> _WHAT IS EXPECTED_: Write out the data word for word and omit every picture.

[MATERIAL SUPPLIED Boundary: Start]

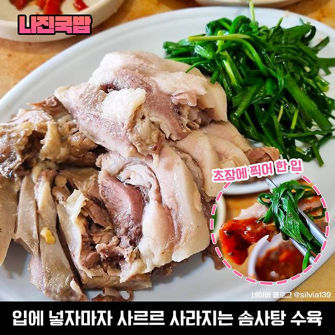 나진국밥에서 국밥만큼 유명한 메뉴는 바로 수육이에요. 입에 들어가기만 하면 사르르 녹는 솜사탕 같은 식감에 살짝 데쳐진 부추를 곁들여서 초장 콕콕 찍어 먹다 보면 한 접시는 뚝딱이랍니다!
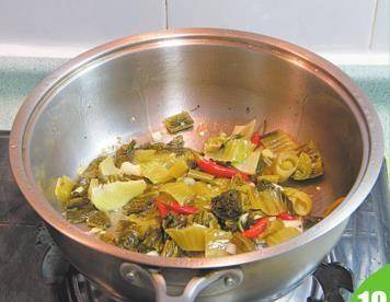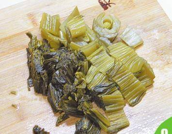 9 酸菜洗净,切成段。
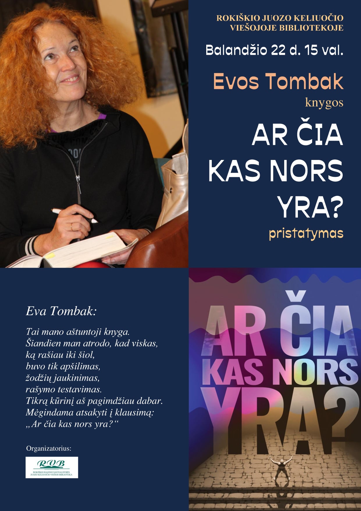 Balandžio 22 d. 15 val. Rokiškio rajono savivaldybės Juozo Keliuočio viešojoje bibliotekoje Evos Tombak knygos „Ar čia kas nors yra?“ pristatymas.
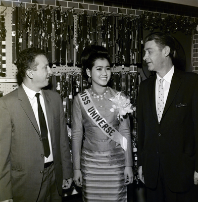 Gandy, George Skip IV, "Miss Universe, EDW. G. Kennedy, and Unknown Man at JM Fields" (1966). Gandy Photographs - Commercial. Image 5750.
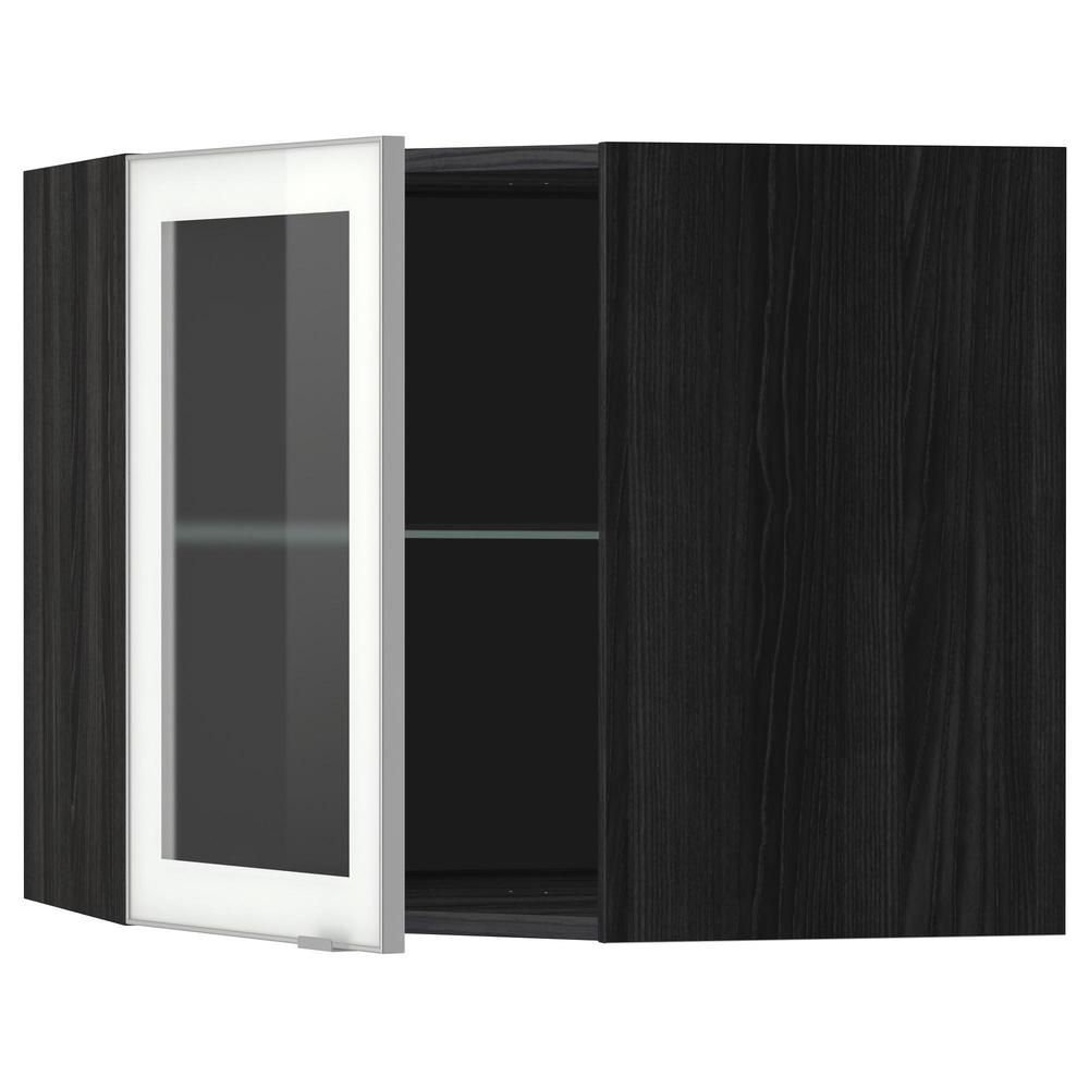МЕТОД Углов навесн шк с полками/сткл дв - под дерево черный, Ютис матовое стекло/алюминий, 68x60 см
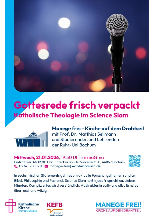 Manege frei am 21.01.2026: Gottes Rede frisch verpackt – Katholische Theologie im Science Slam21. Januar 2026|Aktuelles Home » Gemeindenachrichten » Aktuelles » Manege frei am 21.01.2026: Gottes Rede frisch verpackt – Katholische Theologie im Science Slam Beginn 19:30 Uhr; ab 19:00 „Bütterkes an Pils“ Nächste Termine:25.03.2026:Dr. Georg Röwekamp: Christen in der Region Gaza- eine vergessene Geschichte20.05.2026:Sahra Vicerra: Wie ist Jesus weiß geworden? Mein Traum von einer Kirche ohne Rassismus Schreib etwas dazu Antworten abbrechenIhre E-Mailadresse wird nicht veröffentlicht. Erforderliche Felder sind markiert *Name* E-Mail* Website Save my name, email, and website in this browser for the next time I comment.
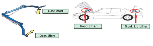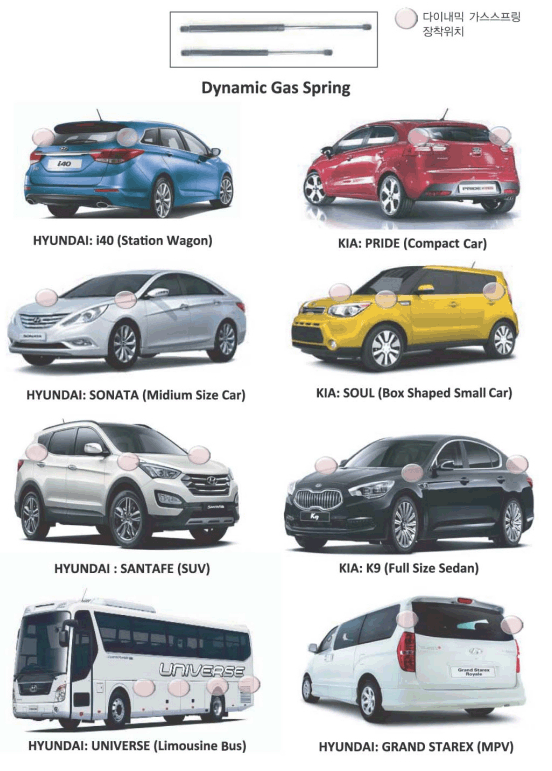 - 2. 도어를 열고, 닫을때 필요로 하는 외력의 일정 부분을 담당함으로써, 원활한 작동에 도움을 준다.
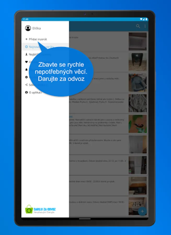 With the Donate for pickup application you can donate for example: Furniture, Clothing, Children's goods and games, Electronics, Sports equipment, Musical instruments, Mobile phones, Antiques and more, get things completely free for the price of pickup and watch the latest ads on darujizaodvoz.cz - inzerce things for removal.
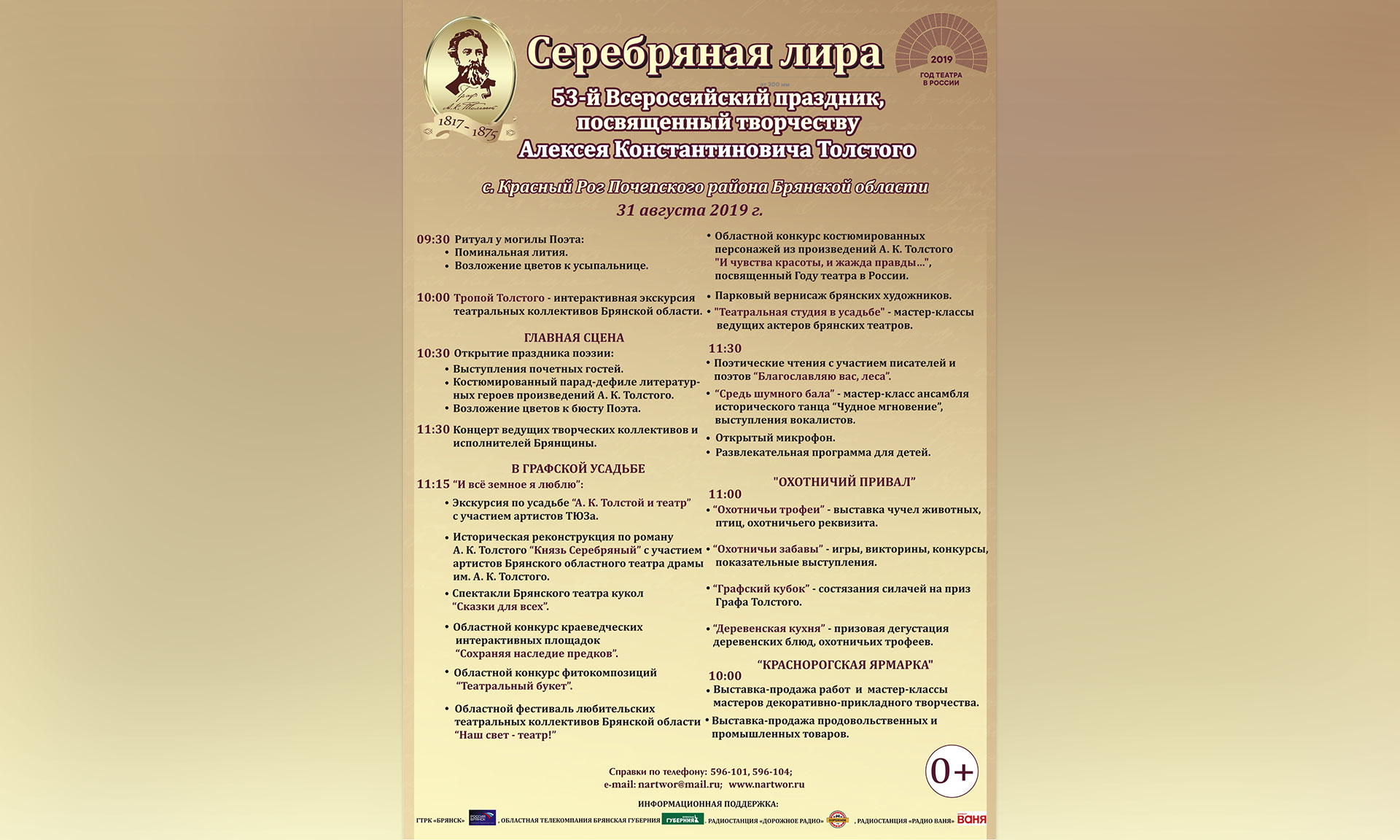 В Год театра в России именно театральное искусство станет одним из главных в программе праздника. Так, гости вместе с артистами ТЮЗа совершат с интерактивную экскурсию «А. К. Толстой и театр», увидят спектакли Брянского театра кукол «Сказки для всех», историческую реконструкцию по роману А. К. Толстого «Князь Серебряный» с участием артистов Брянского областного театра драмы им. А. К. Толстого. Областной фестиваль «Наш свет — театр!» представит выступления театральных коллективов области. Самые преданные любители театрального искусства смогут стать участниками мастер-классов ведущих актеров брянских театров.
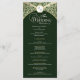 Este programa de casamento apresenta um rico fundo verde adornado com florescimento de damascos de ouro, criando um estilo luxuoso e eterno. Uma crista decorativa fica no topo, enquanto o layout central destaca os nomes do casal e todos os detalhes do serviço de casamento em formato refinado e organizado. A elegante combinação de verde e ouro traz um olhar sofisticado e real, fazer este cartão de programa uma escolha perfeita para casamentos formais, tradicionais e noturnos.
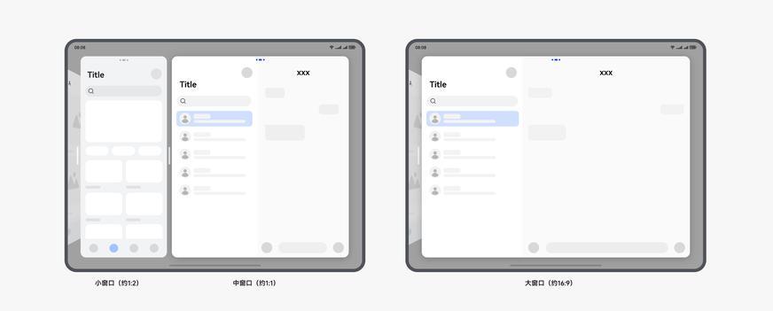 目前全景多窗在双折叠设备上支持小窗口与大窗口两个档位显示,在三折叠与Tablet设备上支持小窗口、中窗口、大窗口三个档位显示,且窗口的档位与位置支持调节。
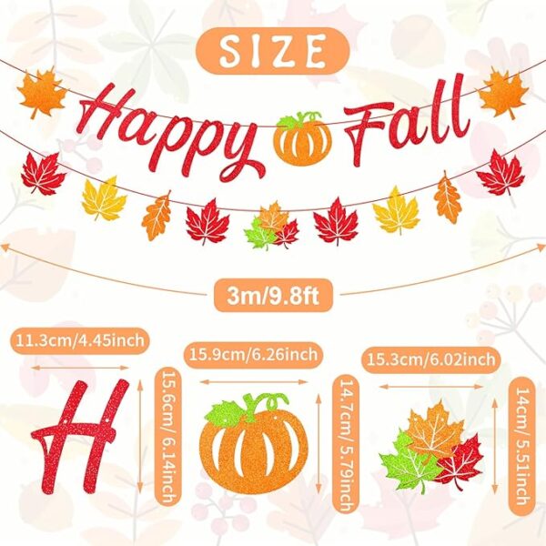 • Premium-Quality Happy Fall Banner – Crafted from sturdy, high-quality cardboard, this “Happy Fall” banner is designed to last through the entire autumn season. The vibrant glitter detailing adds a touch of sparkle, making it a captivating decoration for any setting.
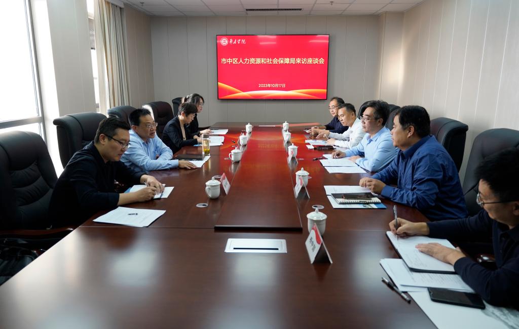 10月17日下午,市中区区委组织部副部长、人社局局长孙天峰一行4人来校交流。双方在明理楼532会议室举行座谈,围绕深化校地合作、携手共谋发展进行交流。校党委委员、副校长安涛出席座谈会,人事处(人才工作处)处长周磊主持座谈会。
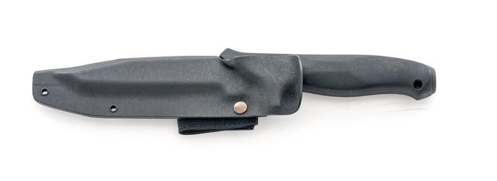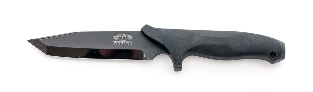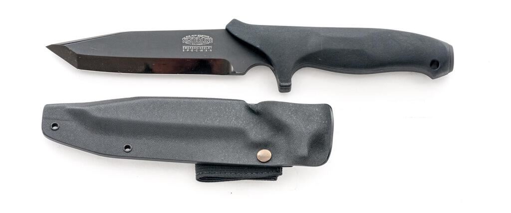 Timberline Knives Emerson/Neeley Specwar Fixed Blade Knife, 5-1/2" black tanto blade, 12" overall, black fiberglass reinforced nylon handle, with black Kydex sheath. Knife is in excellent condition. There are a few very minor sheath marks on the blade. Outside of sheath shows a little mild storage type wear. Est.: $250-$350.
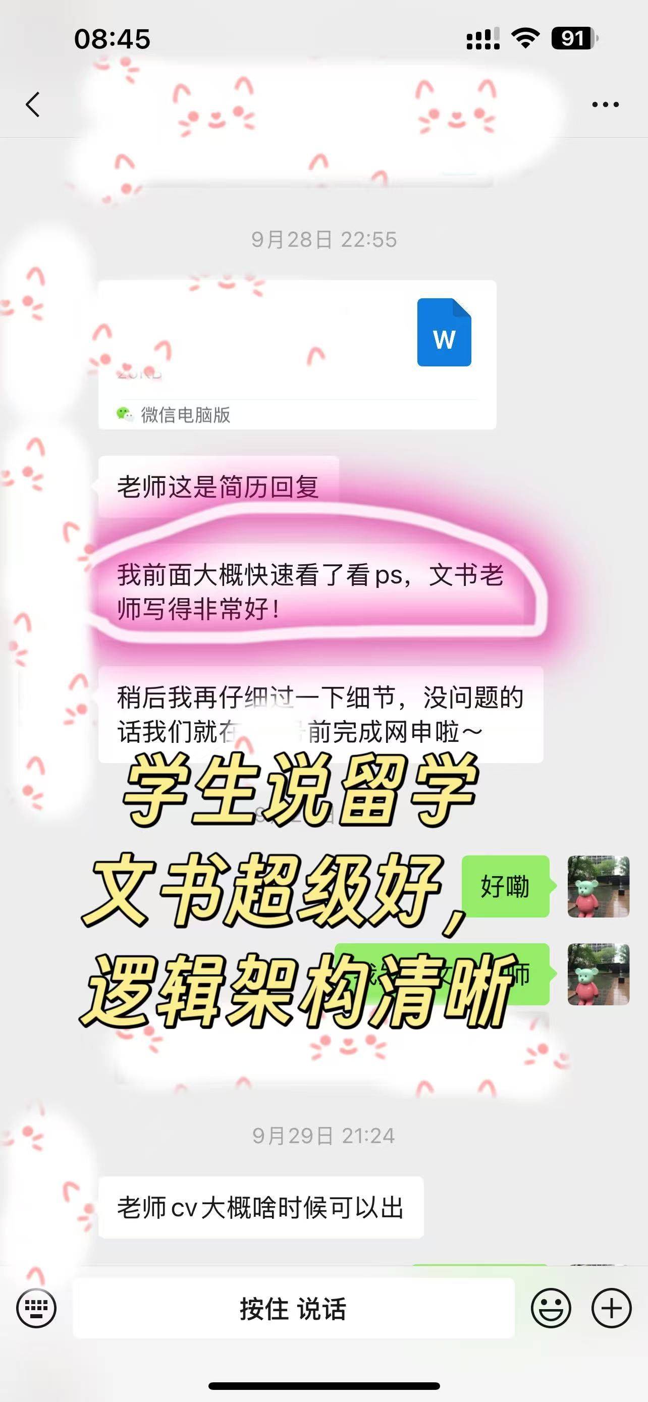 提交后短短1个月就拿到了录取通知书offer。学生均分84,本科经济学,实习,科研经历丰富。北京美弗留学高端留学给学生写的文书也是非常好,学生说文书架构非常清晰,文书非常流畅严谨,网申,都是我和学生用腾讯会议桌面共享的方式核对过才提交了,核对网申花了两个多小时,确保网申里所有的材料学生是完全满意的,最后才提交的。所有的努力都得到了回报,终于迎来了面试邀请,学生面试表现也非常好,最后拿到了offer啦

[MATERIAL SUPPLIED Boundary: End]

> _TASK OUTPUT_:
 나진국밥에서 국밥만큼 유명한 메뉴는 바로 수육이에요. 입에 들어가기만 하면 사르르 녹는 솜사탕 같은 식감에 살짝 데쳐진 부추를 곁들여서 초장 콕콕 찍어 먹다 보면 한 접시는 뚝딱이랍니다!
 9 酸菜洗净,切成段。
 Balandžio 22 d. 15 val. Rokiškio rajono savivaldybės Juozo Keliuočio viešojoje bibliotekoje Evos Tombak knygos „Ar čia kas nors yra?“ pristatymas.
 Gandy, George Skip IV, "Miss Universe, EDW. G. Kennedy, and Unknown Man at JM Fields" (1966). Gandy Photographs - Commercial. Image 5750.
МЕТОД Углов навесн шк с полками/сткл дв - под дерево черный, Ютис матовое стекло/алюминий, 68x60 см
 Manege frei am 21.01.2026: Gottes Rede frisch verpackt – Katholische Theologie im Science Slam21. Januar 2026|Aktuelles Home » Gemeindenachrichten » Aktuelles » Manege frei am 21.01.2026: Gottes Rede frisch verpackt – Katholische Theologie im Science Slam Beginn 19:30 Uhr; ab 19:00 „Bütterkes an Pils“ Nächste Termine:25.03.2026:Dr. Georg Röwekamp: Christen in der Region Gaza- eine vergessene Geschichte20.05.2026:Sahra Vicerra: Wie ist Jesus weiß geworden? Mein Traum von einer Kirche ohne Rassismus Schreib etwas dazu Antworten abbrechenIhre E-Mailadresse wird nicht veröffentlicht. Erforderliche Felder sind markiert *Name* E-Mail* Website Save my name, email, and website in this browser for the next time I comment.
 - 2. 도어를 열고, 닫을때 필요로 하는 외력의 일정 부분을 담당함으로써, 원활한 작동에 도움을 준다.
 With the Donate for pickup application you can donate for example: Furniture, Clothing, Children's goods and games, Electronics, Sports equipment, Musical instruments, Mobile phones, Antiques and more, get things completely free for the price of pickup and watch the latest ads on darujizaodvoz.cz - inzerce things for removal.
 В Год театра в России именно театральное искусство станет одним из главных в программе праздника. Так, гости вместе с артистами ТЮЗа совершат с интерактивную экскурсию «А. К. Толстой и театр», увидят спектакли Брянского театра кукол «Сказки для всех», историческую реконструкцию по роману А. К. Толстого «Князь Серебряный» с участием артистов Брянского областного театра драмы им. А. К. Толстого. Областной фестиваль «Наш свет — театр!» представит выступления театральных коллективов области. Самые преданные любители театрального искусства смогут стать участниками мастер-классов ведущих актеров брянских театров.
 Este programa de casamento apresenta um rico fundo verde adornado com florescimento de damascos de ouro, criando um estilo luxuoso e eterno. Uma crista decorativa fica no topo, enquanto o layout central destaca os nomes do casal e todos os detalhes do serviço de casamento em formato refinado e organizado. A elegante combinação de verde e ouro traz um olhar sofisticado e real, fazer este cartão de programa uma escolha perfeita para casamentos formais, tradicionais e noturnos.
 目前全景多窗在双折叠设备上支持小窗口与大窗口两个档位显示,在三折叠与Tablet设备上支持小窗口、中窗口、大窗口三个档位显示,且窗口的档位与位置支持调节。
 • Premium-Quality Happy Fall Banner – Crafted from sturdy, high-quality cardboard, this “Happy Fall” banner is designed to last through the entire autumn season. The vibrant glitter detailing adds a touch of sparkle, making it a captivating decoration for any setting.
 10月17日下午,市中区区委组织部副部长、人社局局长孙天峰一行4人来校交流。双方在明理楼532会议室举行座谈,围绕深化校地合作、携手共谋发展进行交流。校党委委员、副校长安涛出席座谈会,人事处(人才工作处)处长周磊主持座谈会。
 Timberline Knives Emerson/Neeley Specwar Fixed Blade Knife, 5-1/2" black tanto blade, 12" overall, black fiberglass reinforced nylon handle, with black Kydex sheath. Knife is in excellent condition. There are a few very minor sheath marks on the blade. Outside of sheath shows a little mild storage type wear. Est.: $250-$350.
 提交后短短1个月就拿到了录取通知书offer。学生均分84,本科经济学,实习,科研经历丰富。北京美弗留学高端留学给学生写的文书也是非常好,学生说文书架构非常清晰,文书非常流畅严谨,网申,都是我和学生用腾讯会议桌面共享的方式核对过才提交了,核对网申花了两个多小时,确保网申里所有的材料学生是完全满意的,最后才提交的。所有的努力都得到了回报,终于迎来了面试邀请,学生面试表现也非常好,最后拿到了offer啦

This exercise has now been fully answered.